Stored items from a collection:

§ §

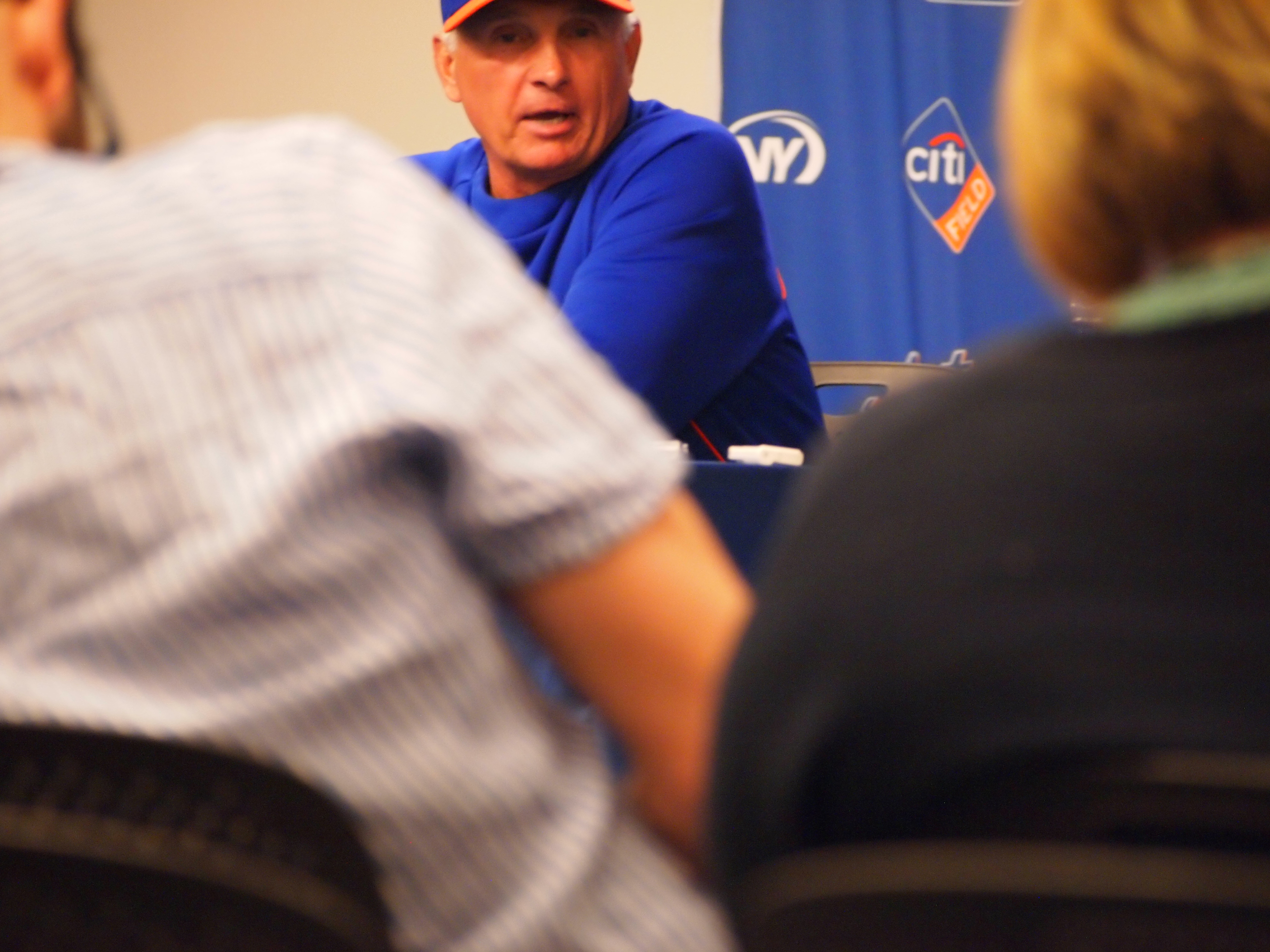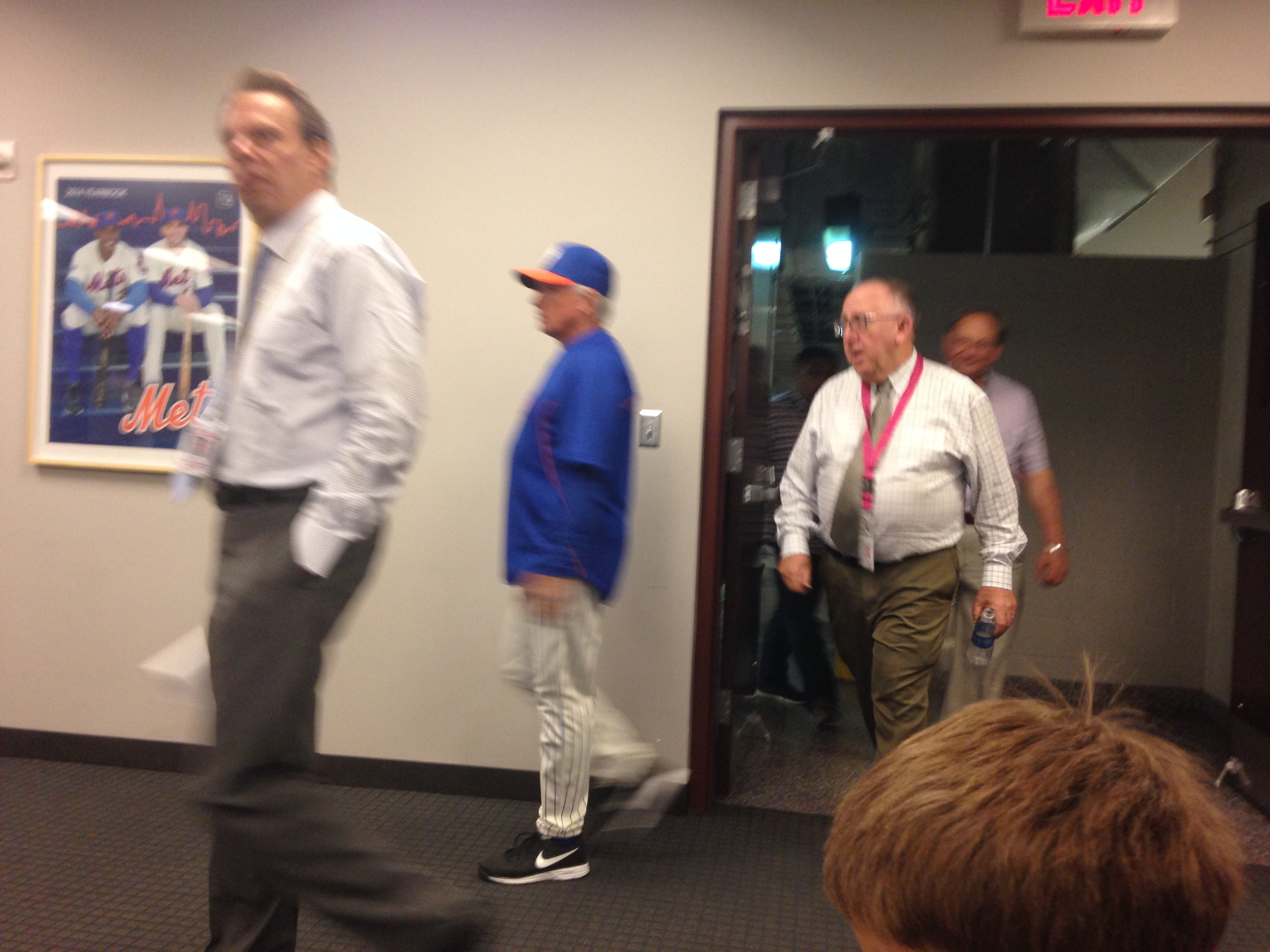 I told him we were staying, but that this wasn’t about free tickets at all. I had no problem paying for tickets. He said he’d see if there were any tickets left. But given it was the Mets on a Wednesday night with a 50% chance of rain…I felt pretty good about that. Then Jonathan said he’d be back for the press conference and left.
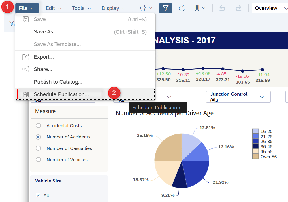 Step 1: Access SAC story > File > Schedule Publication…:
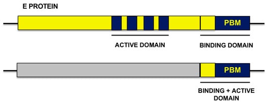 The influence of the PBMs of the SARS-CoV 3a and E proteins lies to a large extent in their potential interaction with cellular proteins with PDZ domains [5,7,23]. These interactions are involved in multiple cellular activities, and their alteration has significant effects on the behavior of viruses of different families [24,25,26,27]. For example, the PBM of the human papillomavirus (HPV-16) E6 oncoprotein interacts with many cellular proteins with PDZ motifs, facilitating tumorigenesis and virus dissemination [28]. Additionally, the F11 protein of the vaccinia virus has both a PDZ domain and a PBM that mediate virus dissemination [29]. Recently, it has been described that the PBM of the West Nile virus (WNV) non-structural protein 5 (NS5) is important for the replication of this virus [30].
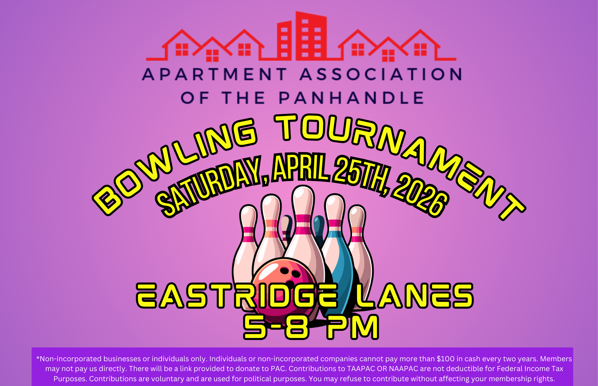 East Ridge Lanes 5405 E Amarillo Blvd, Amarillo, TX, United States2026 AAP Bowling Tournament Saturday, April 25th, 2026 5:00pm - 8:00pm Eastridge Lanes 5405 E Amarillo Blvd, Amarillo, TX 79107
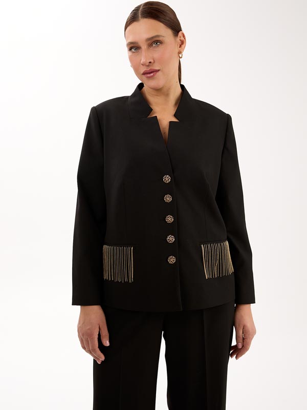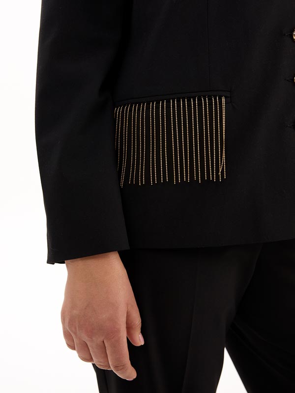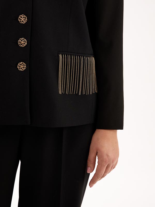 Жакет является частью костюма ЖАНЕ. Жакет полуприлегающего силуэта с фантазийным воротником. Рукава втачные, двухшовные со шлицей и декоративной пуговицей. Боковые карманы прорезные «в рамку». Бахрома-цепочка имитирует клапан. Жакет элегантной длины-до линии бедер. Выполнен из костюмной ткани, на вискозной подкладке. Изысканные детали и фурнитура делают жакет уникальным. Цвета: черный и молочный.
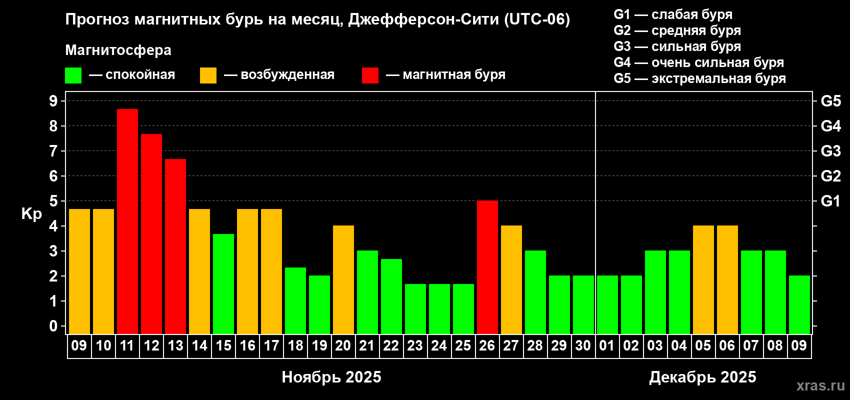 Прогноз магнитных бурь Джефферсон-Сити на 9 ноября 2025 года
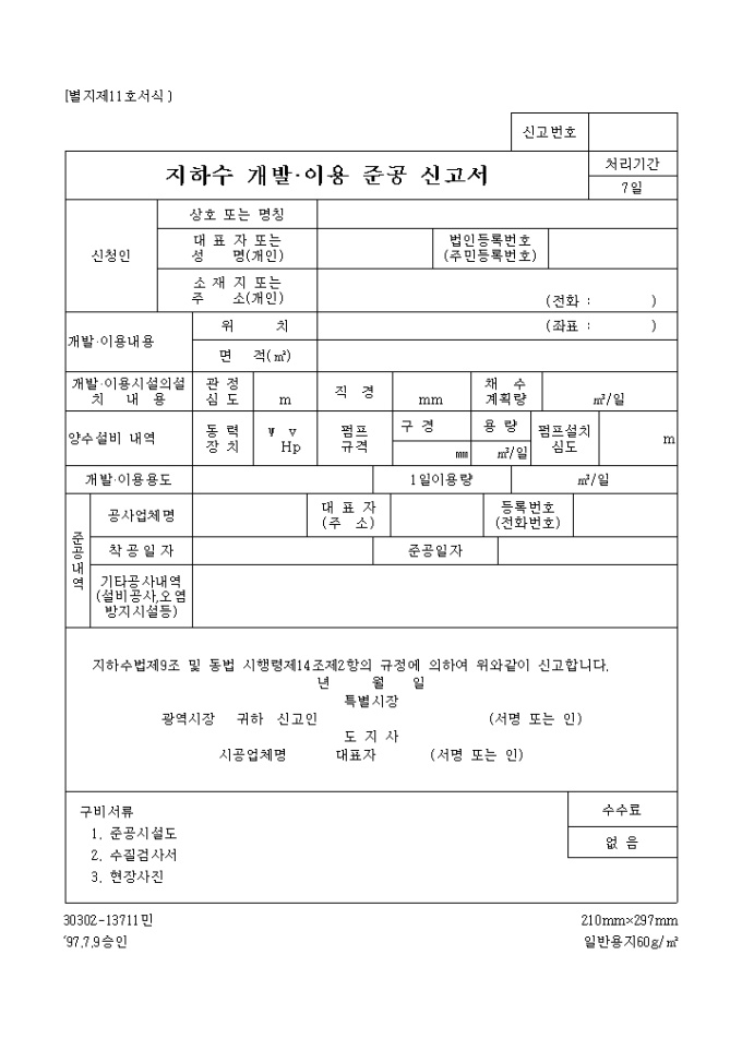 9,000원/월지하수법제9조 및 동법 시행령제14조제2항의 규정에 의하여 신고할 때 쓰이는 "지하수 개발,이용 준공신고서" 양식입니다.

§ §

Please restate the lines above exactly, starting at the first line of the data and stopping at the line containing "Step 1: Access", which is included. Omit pictures.

ANSWER BOX:
 I told him we were staying, but that this wasn’t about free tickets at all. I had no problem paying for tickets. He said he’d see if there were any tickets left. But given it was the Mets on a Wednesday night with a 50% chance of rain…I felt pretty good about that. Then Jonathan said he’d be back for the press conference and left.
 Step 1: Access SAC story > File > Schedule Publication…:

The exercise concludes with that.